+++ DATA EXTRACTS

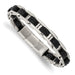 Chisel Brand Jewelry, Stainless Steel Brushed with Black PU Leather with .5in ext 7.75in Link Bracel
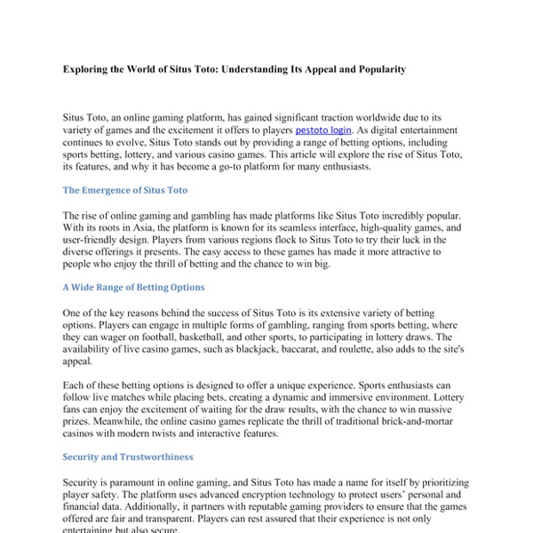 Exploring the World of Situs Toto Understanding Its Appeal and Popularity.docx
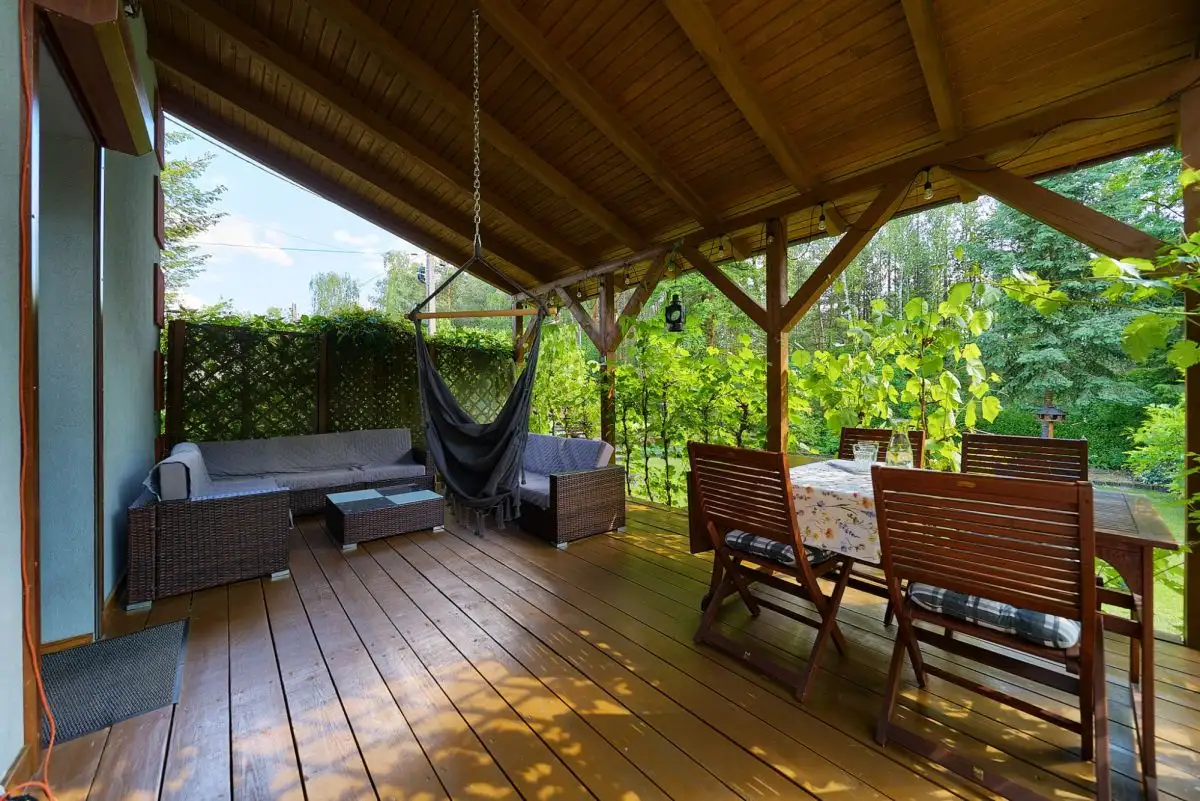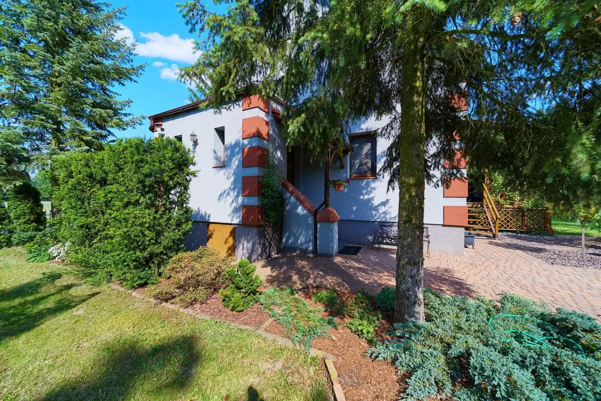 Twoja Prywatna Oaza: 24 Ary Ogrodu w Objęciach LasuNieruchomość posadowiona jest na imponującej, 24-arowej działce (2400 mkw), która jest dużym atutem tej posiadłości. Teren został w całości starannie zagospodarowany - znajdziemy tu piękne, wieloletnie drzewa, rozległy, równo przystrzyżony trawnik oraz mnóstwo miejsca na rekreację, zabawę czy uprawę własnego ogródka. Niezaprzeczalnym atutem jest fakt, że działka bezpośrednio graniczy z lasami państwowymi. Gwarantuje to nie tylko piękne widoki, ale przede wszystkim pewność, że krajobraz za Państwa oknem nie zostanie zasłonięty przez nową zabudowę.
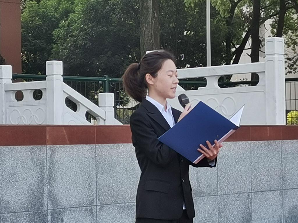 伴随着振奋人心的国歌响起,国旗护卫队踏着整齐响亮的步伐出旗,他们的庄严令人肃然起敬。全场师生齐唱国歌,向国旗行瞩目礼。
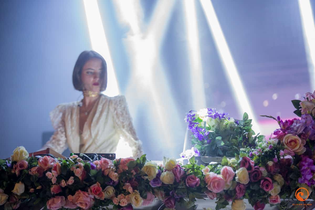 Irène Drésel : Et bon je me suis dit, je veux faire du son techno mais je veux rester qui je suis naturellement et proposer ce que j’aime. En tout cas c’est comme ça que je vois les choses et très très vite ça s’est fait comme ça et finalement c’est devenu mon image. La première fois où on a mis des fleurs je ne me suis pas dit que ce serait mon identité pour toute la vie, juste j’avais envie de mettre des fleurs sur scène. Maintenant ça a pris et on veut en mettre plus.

++++++

**EXERCISE PROMPT**
Where the material contains pictures, leave them out and copy the rest verbatim.

**RESPONSE AREA**
 Chisel Brand Jewelry, Stainless Steel Brushed with Black PU Leather with .5in ext 7.75in Link Bracel
 Exploring the World of Situs Toto Understanding Its Appeal and Popularity.docx
 Twoja Prywatna Oaza: 24 Ary Ogrodu w Objęciach LasuNieruchomość posadowiona jest na imponującej, 24-arowej działce (2400 mkw), która jest dużym atutem tej posiadłości. Teren został w całości starannie zagospodarowany - znajdziemy tu piękne, wieloletnie drzewa, rozległy, równo przystrzyżony trawnik oraz mnóstwo miejsca na rekreację, zabawę czy uprawę własnego ogródka. Niezaprzeczalnym atutem jest fakt, że działka bezpośrednio graniczy z lasami państwowymi. Gwarantuje to nie tylko piękne widoki, ale przede wszystkim pewność, że krajobraz za Państwa oknem nie zostanie zasłonięty przez nową zabudowę.
 伴随着振奋人心的国歌响起,国旗护卫队踏着整齐响亮的步伐出旗,他们的庄严令人肃然起敬。全场师生齐唱国歌,向国旗行瞩目礼。
 Irène Drésel : Et bon je me suis dit, je veux faire du son techno mais je veux rester qui je suis naturellement et proposer ce que j’aime. En tout cas c’est comme ça que je vois les choses et très très vite ça s’est fait comme ça et finalement c’est devenu mon image. La première fois où on a mis des fleurs je ne me suis pas dit que ce serait mon identité pour toute la vie, juste j’avais envie de mettre des fleurs sur scène. Maintenant ça a pris et on veut en mettre plus.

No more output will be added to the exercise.